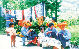 季節(jié)在閑著,整個(gè)寨子卻在忙。漢子們隨意兜幾個(gè)煨熟的紅薯,就出門挖山土、砍柴火去了。女人們則湊到一起說(shuō)著、笑著或哼著,專心做起她們心愛的挑花活計(jì)來(lái)。吊腳樓、屋檐下、火塘邊、堂屋里、巖石上、小溪旁,到處都散落著三三兩兩挑繡花裙的姑娘。提起挑花,姑娘們可就來(lái)神了,個(gè)個(gè)都有一手好絕活,誰(shuí)都可以說(shuō)出好幾個(gè)道道來(lái)。她們從六七歲時(shí)起,就要在娘手把手的嚴(yán)格規(guī)訓(xùn)下,穿針引線,學(xué)著挑花。年復(fù)一年,傾其心智,從不間斷,直到終老。
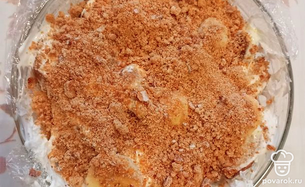 Остатки пряников измельчите, посыпьте сверху получившийся торт. Поставьте в холодильник на 2 часа.
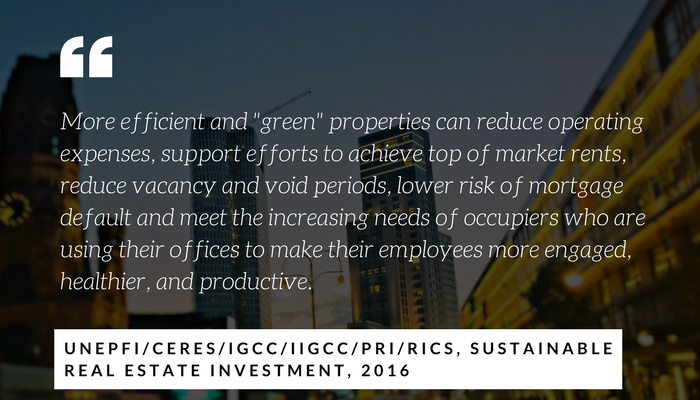 „Climate change also presents a major risk factor in terms of returns for real estate investors. With extreme weather events and changes to the environmental regulatory landscape increasing, climate concerns are beginning to impact liquidity prospects in the near to mid-term. For example, an inefficient building might fail to meet environmental standards.„

Requirement: All of the material shown above needs to be duplicated exactly. Omit every picture.

Response:
 季節(jié)在閑著,整個(gè)寨子卻在忙。漢子們隨意兜幾個(gè)煨熟的紅薯,就出門挖山土、砍柴火去了。女人們則湊到一起說(shuō)著、笑著或哼著,專心做起她們心愛的挑花活計(jì)來(lái)。吊腳樓、屋檐下、火塘邊、堂屋里、巖石上、小溪旁,到處都散落著三三兩兩挑繡花裙的姑娘。提起挑花,姑娘們可就來(lái)神了,個(gè)個(gè)都有一手好絕活,誰(shuí)都可以說(shuō)出好幾個(gè)道道來(lái)。她們從六七歲時(shí)起,就要在娘手把手的嚴(yán)格規(guī)訓(xùn)下,穿針引線,學(xué)著挑花。年復(fù)一年,傾其心智,從不間斷,直到終老。
 Остатки пряников измельчите, посыпьте сверху получившийся торт. Поставьте в холодильник на 2 часа.
 „Climate change also presents a major risk factor in terms of returns for real estate investors. With extreme weather events and changes to the environmental regulatory landscape increasing, climate concerns are beginning to impact liquidity prospects in the near to mid-term. For example, an inefficient building might fail to meet environmental standards.„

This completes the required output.